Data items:
· · · · · · ·

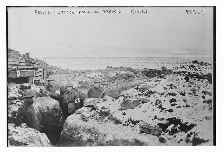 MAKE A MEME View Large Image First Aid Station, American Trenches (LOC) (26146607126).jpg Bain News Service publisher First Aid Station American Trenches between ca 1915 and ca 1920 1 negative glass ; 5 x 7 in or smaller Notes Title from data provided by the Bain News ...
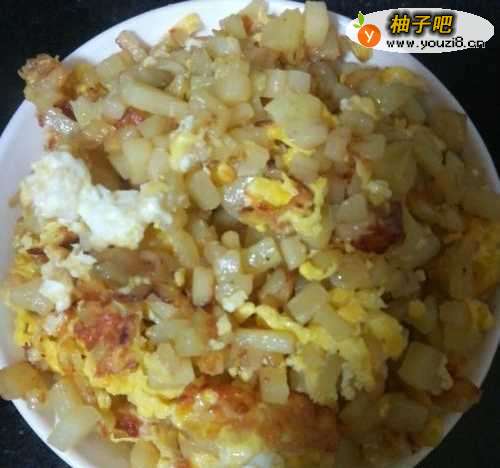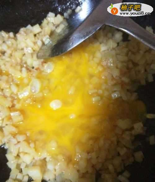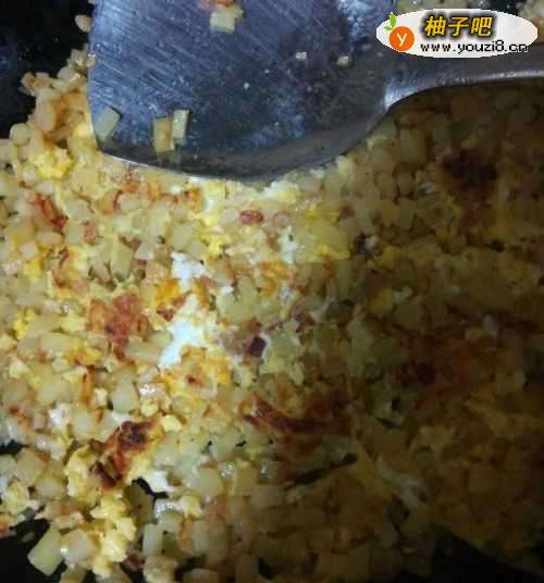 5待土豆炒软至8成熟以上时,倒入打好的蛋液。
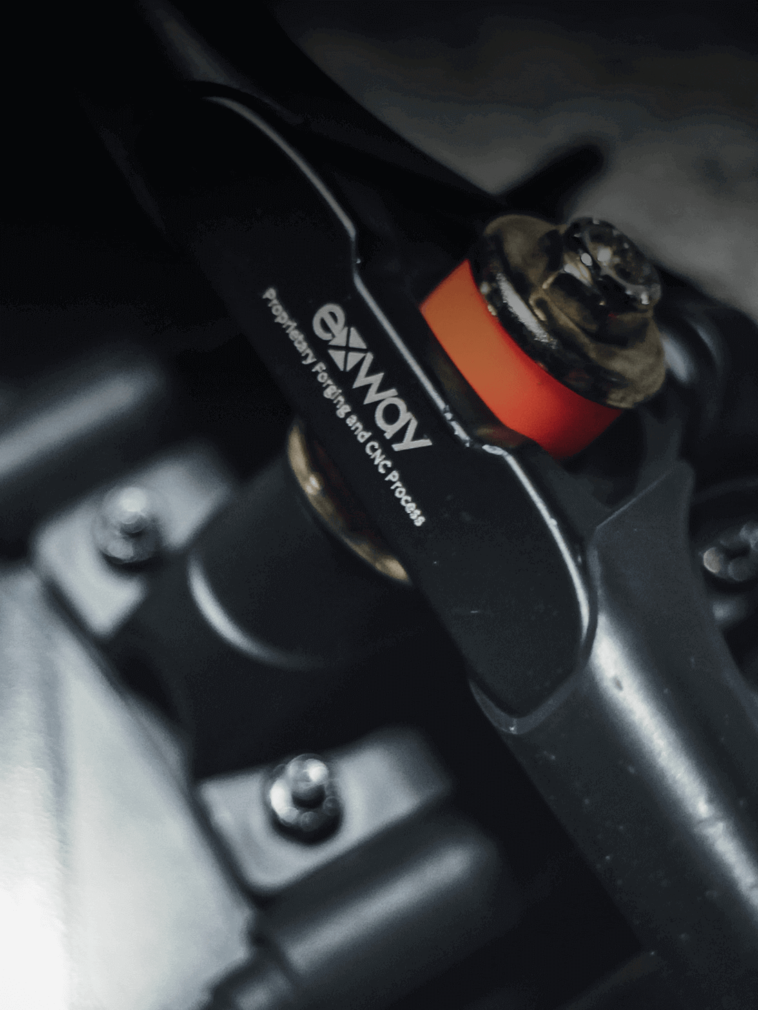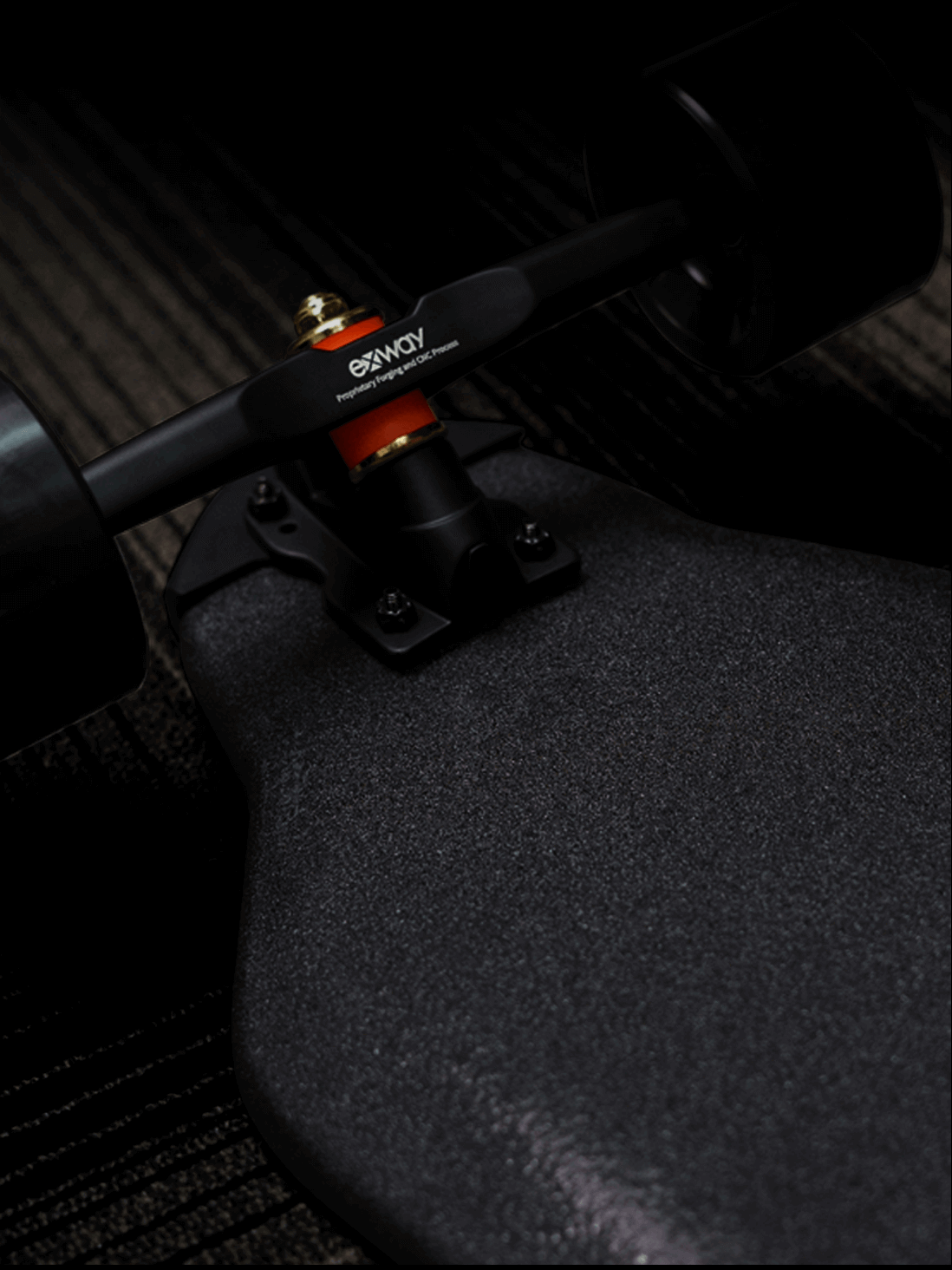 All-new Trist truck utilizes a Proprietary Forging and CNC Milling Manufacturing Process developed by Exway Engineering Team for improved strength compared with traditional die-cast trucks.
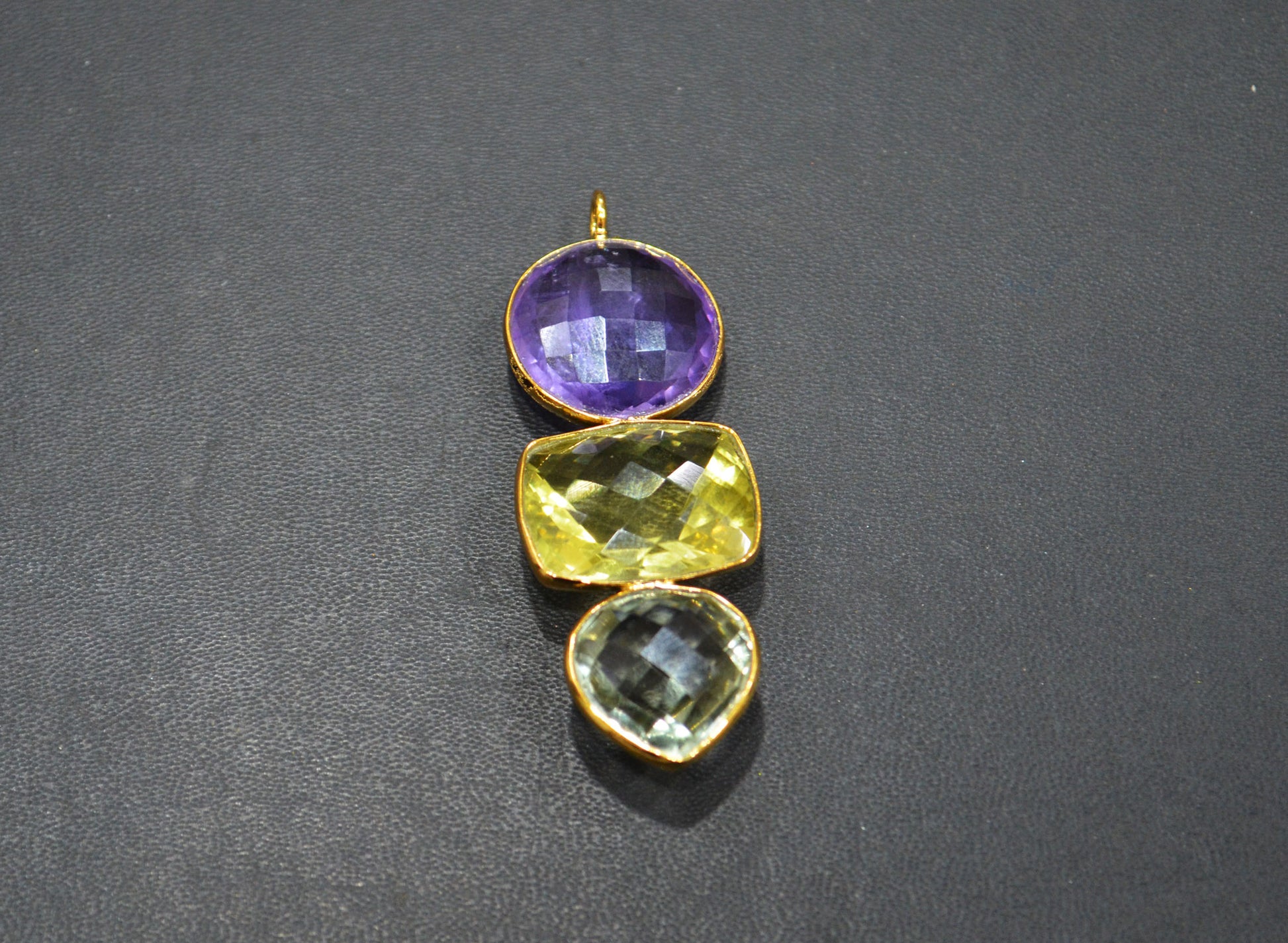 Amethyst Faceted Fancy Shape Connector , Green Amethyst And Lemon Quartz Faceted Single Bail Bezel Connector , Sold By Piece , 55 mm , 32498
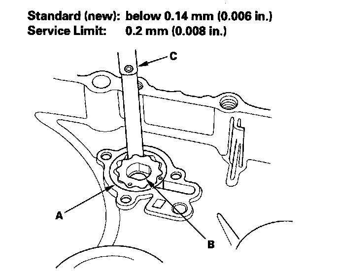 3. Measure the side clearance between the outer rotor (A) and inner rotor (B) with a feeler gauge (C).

· · · · · · ·

Every line above is to be reproduced verbatim, and the pictures are to be omitted.

Solution for this exercise:
 MAKE A MEME View Large Image First Aid Station, American Trenches (LOC) (26146607126).jpg Bain News Service publisher First Aid Station American Trenches between ca 1915 and ca 1920 1 negative glass ; 5 x 7 in or smaller Notes Title from data provided by the Bain News ...
 5待土豆炒软至8成熟以上时,倒入打好的蛋液。
 All-new Trist truck utilizes a Proprietary Forging and CNC Milling Manufacturing Process developed by Exway Engineering Team for improved strength compared with traditional die-cast trucks.
 Amethyst Faceted Fancy Shape Connector , Green Amethyst And Lemon Quartz Faceted Single Bail Bezel Connector , Sold By Piece , 55 mm , 32498
 3. Measure the side clearance between the outer rotor (A) and inner rotor (B) with a feeler gauge (C).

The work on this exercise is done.